## EXERCISE DETAILS
Would you please copy only the lines from the line that contains "Plate 6. Floricans" to the end of the data below, exactly, leaving every picture out?

===== INPUT DATA =====

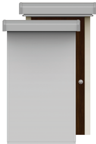
Roll-Up Door Shields
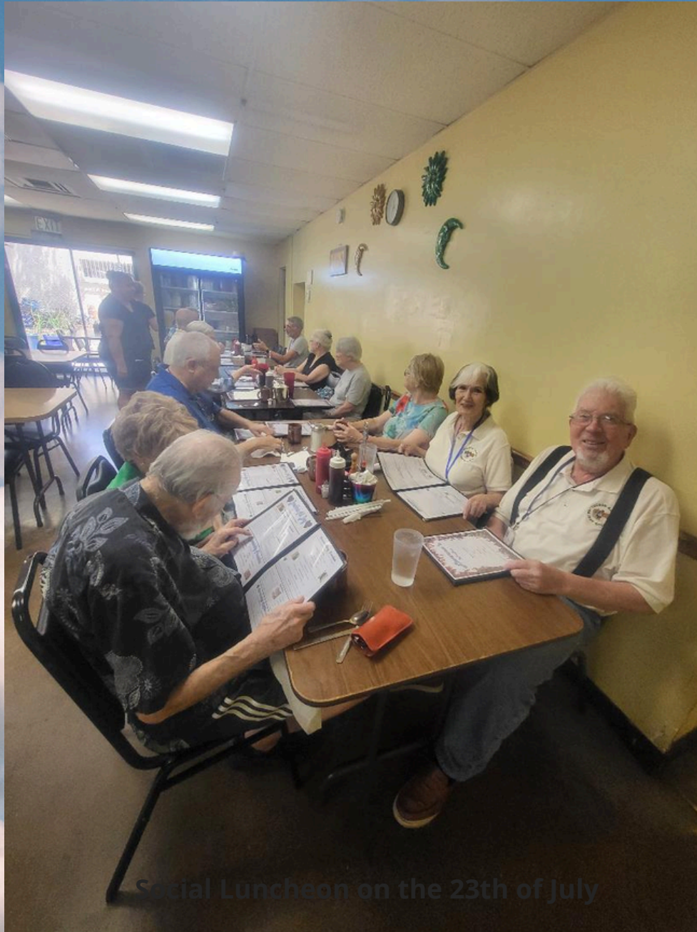
Social Luncheon on the 23th of July

French toast, shrimp, salads and burgers
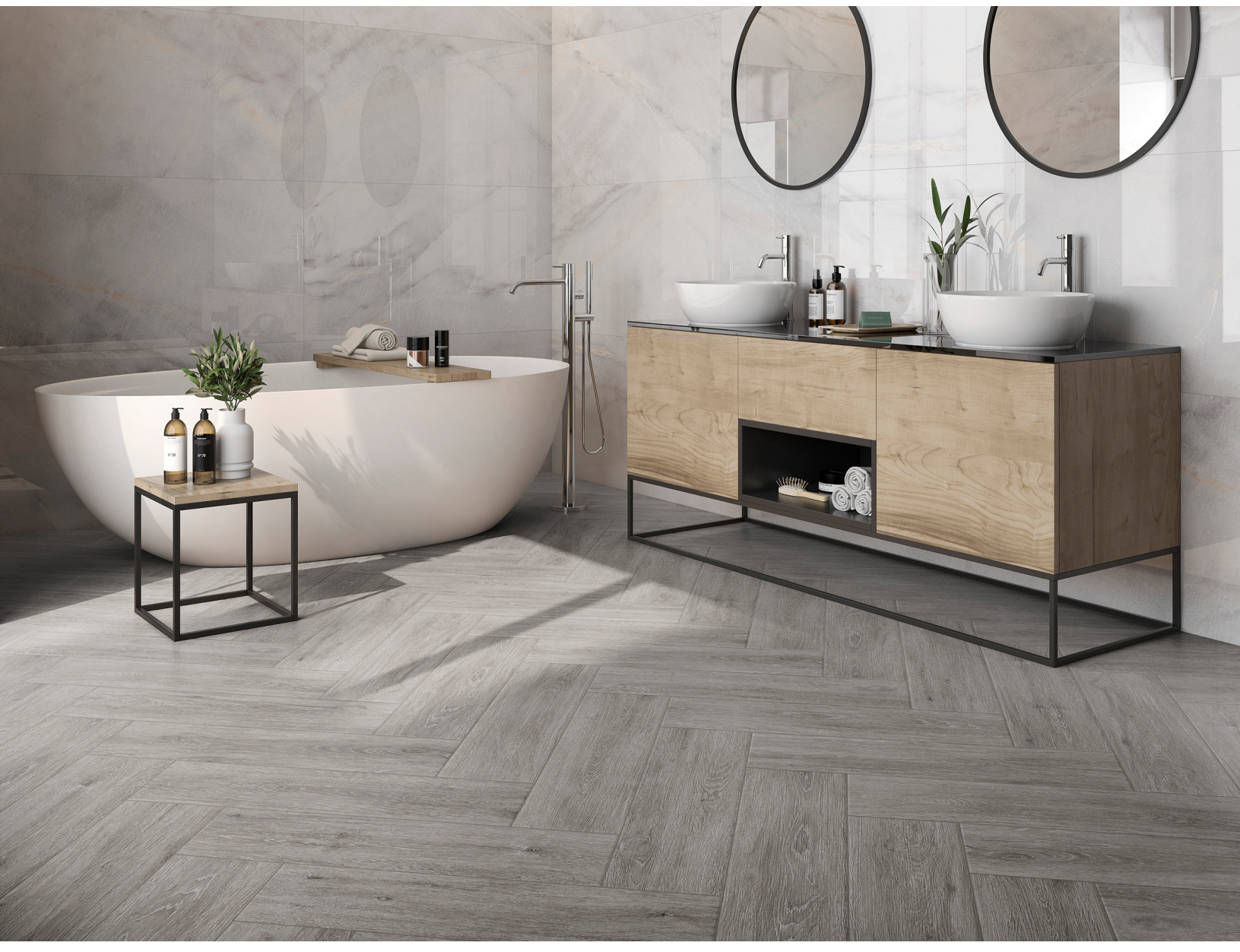
Ancona 2.0 Grey
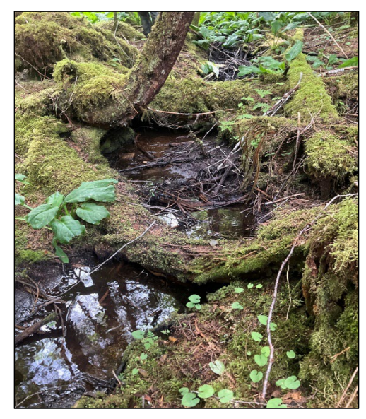
Figure 1. Upstream at waypoint 456.
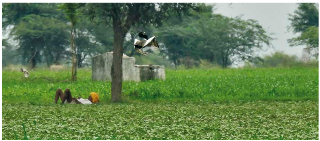
Plate 6. Floricans and farmers may ignore each other, but the habitat is far from optimal. Kumhariya Kheda, Rajasthan, July 2019.

Inevitably, therefore, 'Velavadar' and 'Ajmer' (especially around Shokaliya) became top priorities for conservation management in Dutta et al. (2018). However, the report did not give up on the other sites where the species was recently recorded. In a meticulous exercise that deserves the highest praise, over a quarter of the 120-page document was dedicated to the tabulation of key geophysical, socio-economic and agricultural data on every site, alongside maps detailing the survey's findings, and tables indicating its recommendations. For Shokaliya, which presents a particular challenge because of the wide dispersion of floricans across
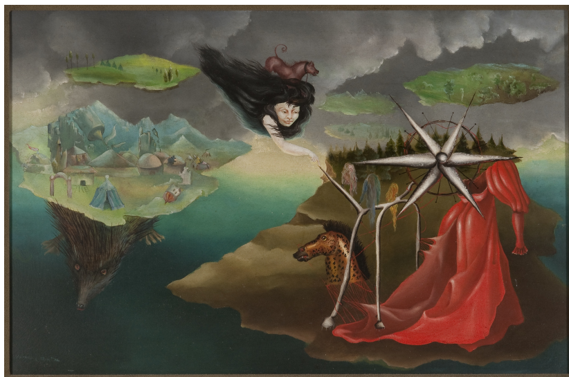
Fig. 5. Leonora Carrington, Artes 110, 1942.
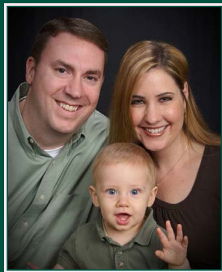
Our Family Photo

=====

## WRITTEN RESPONSE
Plate 6. Floricans and farmers may ignore each other, but the habitat is far from optimal. Kumhariya Kheda, Rajasthan, July 2019.

Inevitably, therefore, 'Velavadar' and 'Ajmer' (especially around Shokaliya) became top priorities for conservation management in Dutta et al. (2018). However, the report did not give up on the other sites where the species was recently recorded. In a meticulous exercise that deserves the highest praise, over a quarter of the 120-page document was dedicated to the tabulation of key geophysical, socio-economic and agricultural data on every site, alongside maps detailing the survey's findings, and tables indicating its recommendations. For Shokaliya, which presents a particular challenge because of the wide dispersion of floricans across
Fig. 5. Leonora Carrington, Artes 110, 1942.
Our Family Photo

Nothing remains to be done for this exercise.